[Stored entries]
# # # # # # #
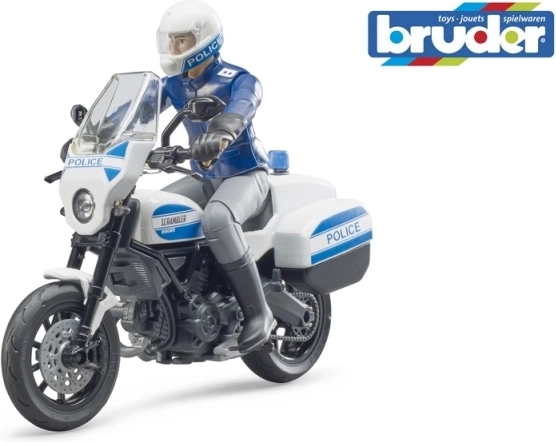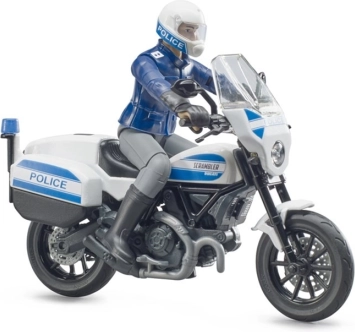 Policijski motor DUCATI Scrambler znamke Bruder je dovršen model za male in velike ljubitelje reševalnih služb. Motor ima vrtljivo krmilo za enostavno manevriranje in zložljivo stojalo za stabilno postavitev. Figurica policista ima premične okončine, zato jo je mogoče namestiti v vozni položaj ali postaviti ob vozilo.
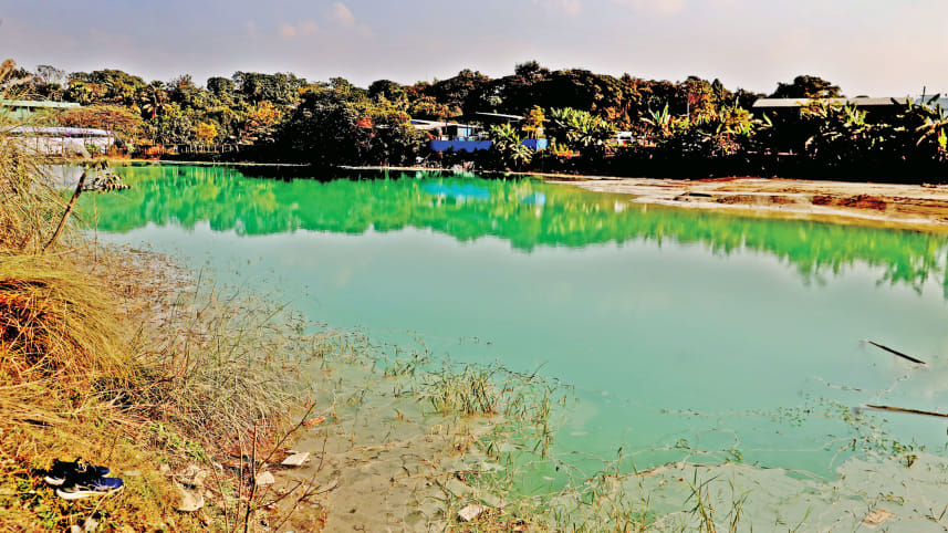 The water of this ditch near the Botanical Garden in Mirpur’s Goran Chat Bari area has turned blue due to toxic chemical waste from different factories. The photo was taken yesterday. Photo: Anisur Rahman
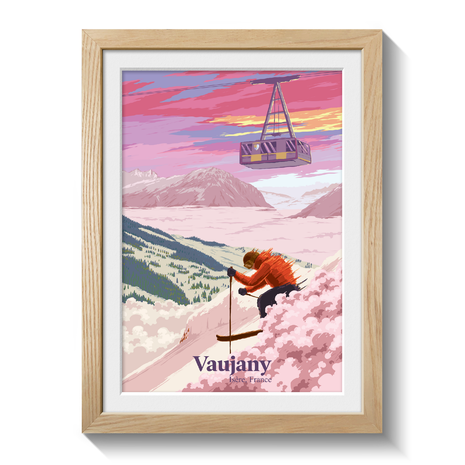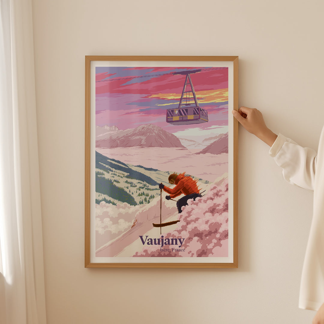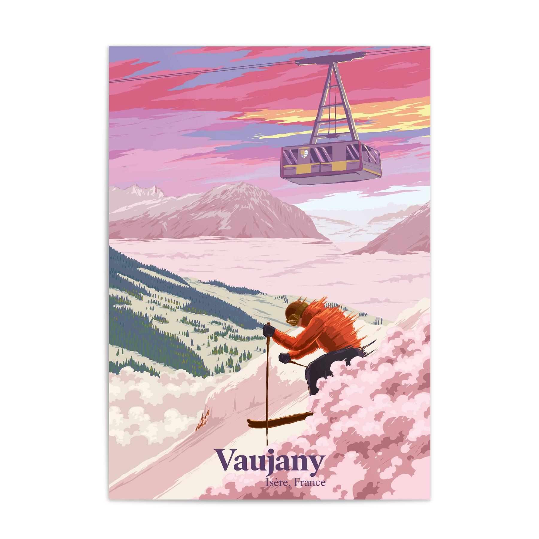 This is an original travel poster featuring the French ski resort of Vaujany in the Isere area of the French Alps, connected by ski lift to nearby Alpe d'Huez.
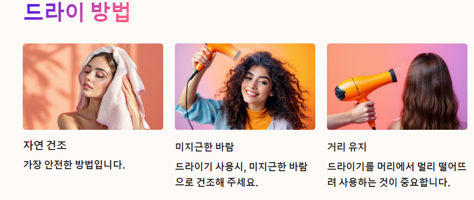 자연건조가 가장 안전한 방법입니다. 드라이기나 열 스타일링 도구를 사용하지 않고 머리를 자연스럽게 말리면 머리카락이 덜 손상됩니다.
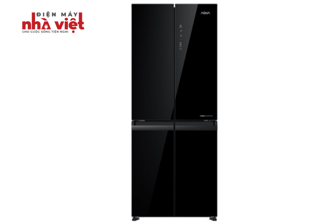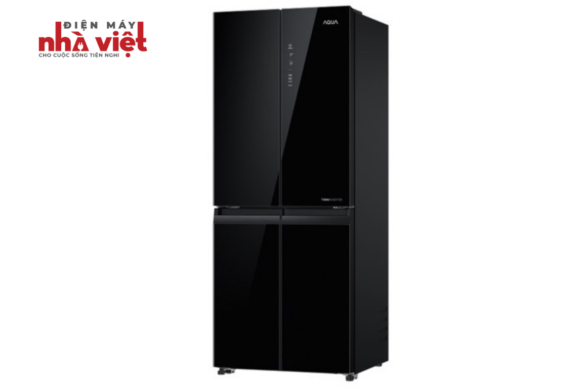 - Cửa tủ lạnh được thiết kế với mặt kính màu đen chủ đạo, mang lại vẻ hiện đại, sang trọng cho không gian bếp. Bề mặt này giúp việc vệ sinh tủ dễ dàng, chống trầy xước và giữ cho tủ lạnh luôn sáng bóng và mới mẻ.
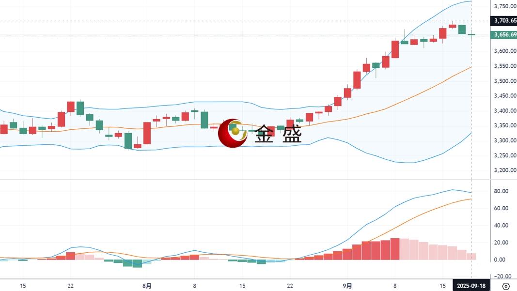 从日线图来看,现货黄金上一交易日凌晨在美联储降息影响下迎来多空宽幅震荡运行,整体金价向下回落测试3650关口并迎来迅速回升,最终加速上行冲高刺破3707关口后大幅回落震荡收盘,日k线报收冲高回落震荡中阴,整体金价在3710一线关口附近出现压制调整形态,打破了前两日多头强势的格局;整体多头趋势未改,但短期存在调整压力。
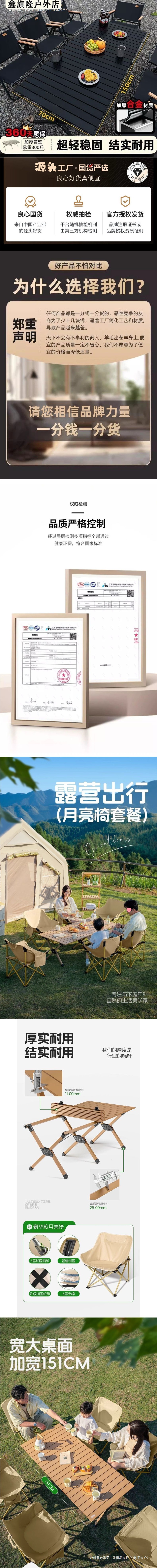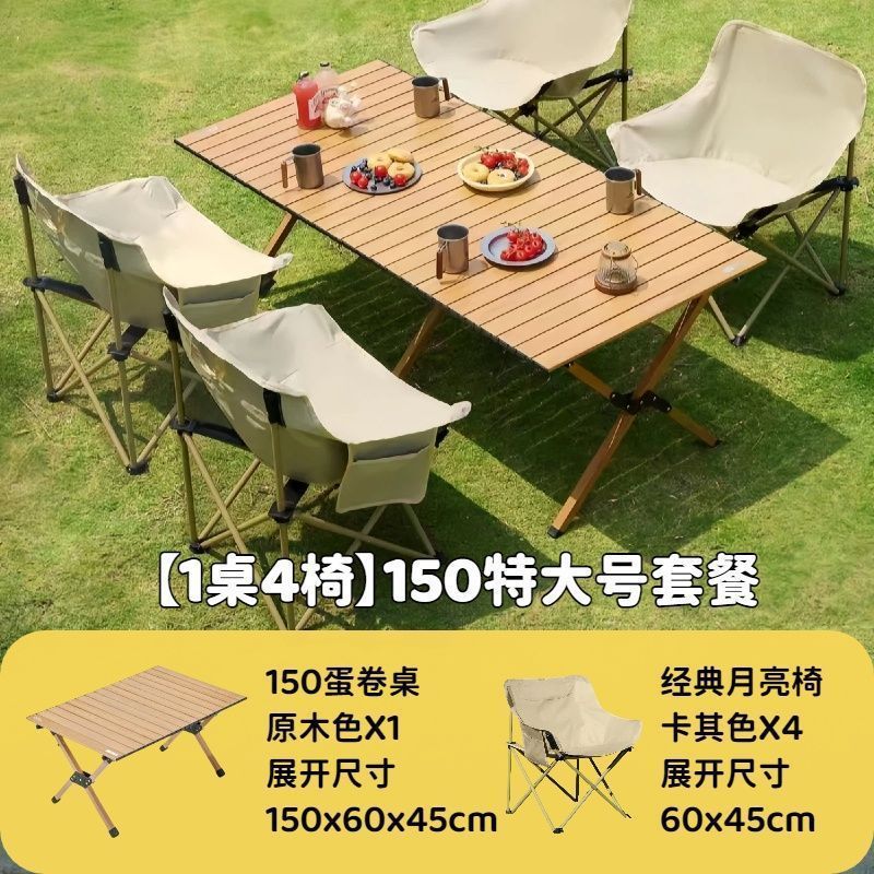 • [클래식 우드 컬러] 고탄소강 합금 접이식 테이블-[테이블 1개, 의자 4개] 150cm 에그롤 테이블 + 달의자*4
# # # # # # #
* **GOAL OF THE EXERCISE**
Can the entries above be repeated exactly, without their pictures?

* **OUTPUT FOR THIS EXERCISE**
 Policijski motor DUCATI Scrambler znamke Bruder je dovršen model za male in velike ljubitelje reševalnih služb. Motor ima vrtljivo krmilo za enostavno manevriranje in zložljivo stojalo za stabilno postavitev. Figurica policista ima premične okončine, zato jo je mogoče namestiti v vozni položaj ali postaviti ob vozilo.
 The water of this ditch near the Botanical Garden in Mirpur’s Goran Chat Bari area has turned blue due to toxic chemical waste from different factories. The photo was taken yesterday. Photo: Anisur Rahman
 This is an original travel poster featuring the French ski resort of Vaujany in the Isere area of the French Alps, connected by ski lift to nearby Alpe d'Huez.
 자연건조가 가장 안전한 방법입니다. 드라이기나 열 스타일링 도구를 사용하지 않고 머리를 자연스럽게 말리면 머리카락이 덜 손상됩니다.
 - Cửa tủ lạnh được thiết kế với mặt kính màu đen chủ đạo, mang lại vẻ hiện đại, sang trọng cho không gian bếp. Bề mặt này giúp việc vệ sinh tủ dễ dàng, chống trầy xước và giữ cho tủ lạnh luôn sáng bóng và mới mẻ.
 从日线图来看,现货黄金上一交易日凌晨在美联储降息影响下迎来多空宽幅震荡运行,整体金价向下回落测试3650关口并迎来迅速回升,最终加速上行冲高刺破3707关口后大幅回落震荡收盘,日k线报收冲高回落震荡中阴,整体金价在3710一线关口附近出现压制调整形态,打破了前两日多头强势的格局;整体多头趋势未改,但短期存在调整压力。
 • [클래식 우드 컬러] 고탄소강 합금 접이식 테이블-[테이블 1개, 의자 4개] 150cm 에그롤 테이블 + 달의자*4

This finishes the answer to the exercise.